- [PROBLEM TO SOLVE]: Every line from the start of the data through the line containing "KOPŘIVNICE – Pomoc" should be retyped exactly; the pictures should not.

- [INFORMATION SHOWN]:
↓↓↓

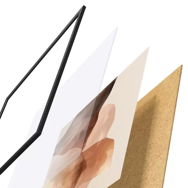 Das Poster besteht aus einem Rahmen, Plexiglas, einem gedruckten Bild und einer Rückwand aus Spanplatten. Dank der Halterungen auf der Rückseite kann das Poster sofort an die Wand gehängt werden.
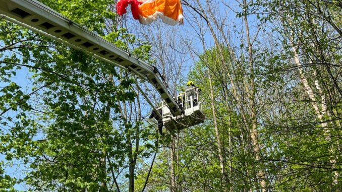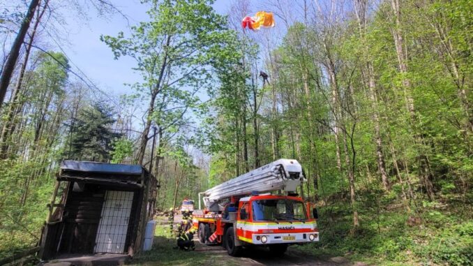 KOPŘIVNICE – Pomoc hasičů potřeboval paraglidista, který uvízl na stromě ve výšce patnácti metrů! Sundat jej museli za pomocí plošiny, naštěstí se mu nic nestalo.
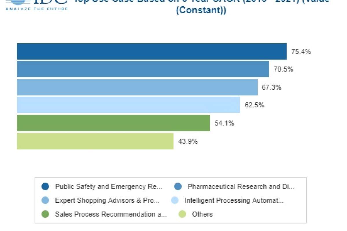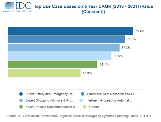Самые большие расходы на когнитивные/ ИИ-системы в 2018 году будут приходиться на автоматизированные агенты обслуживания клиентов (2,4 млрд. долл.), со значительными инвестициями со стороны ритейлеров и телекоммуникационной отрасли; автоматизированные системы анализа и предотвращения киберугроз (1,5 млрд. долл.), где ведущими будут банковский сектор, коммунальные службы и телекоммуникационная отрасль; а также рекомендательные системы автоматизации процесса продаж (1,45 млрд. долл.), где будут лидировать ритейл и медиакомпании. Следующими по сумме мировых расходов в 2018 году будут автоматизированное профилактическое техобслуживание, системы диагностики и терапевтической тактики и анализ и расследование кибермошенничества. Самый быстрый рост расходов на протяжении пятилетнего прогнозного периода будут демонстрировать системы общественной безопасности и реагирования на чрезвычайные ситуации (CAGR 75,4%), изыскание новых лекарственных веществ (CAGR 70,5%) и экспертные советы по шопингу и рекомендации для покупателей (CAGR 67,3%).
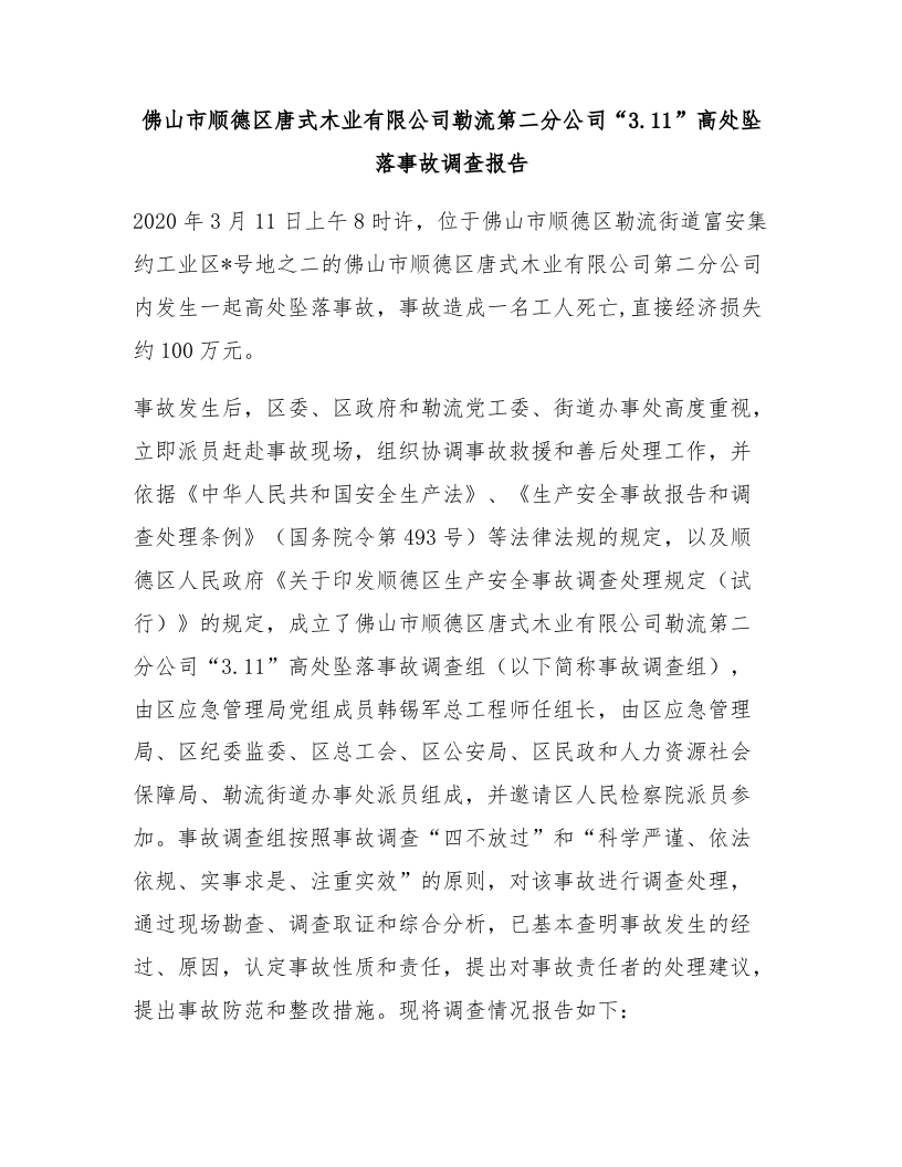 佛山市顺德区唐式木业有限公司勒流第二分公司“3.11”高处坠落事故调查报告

↑↑↑

- [TASK SOLUTION]:
 Das Poster besteht aus einem Rahmen, Plexiglas, einem gedruckten Bild und einer Rückwand aus Spanplatten. Dank der Halterungen auf der Rückseite kann das Poster sofort an die Wand gehängt werden.
 KOPŘIVNICE – Pomoc hasičů potřeboval paraglidista, který uvízl na stromě ve výšce patnácti metrů! Sundat jej museli za pomocí plošiny, naštěstí se mu nic nestalo.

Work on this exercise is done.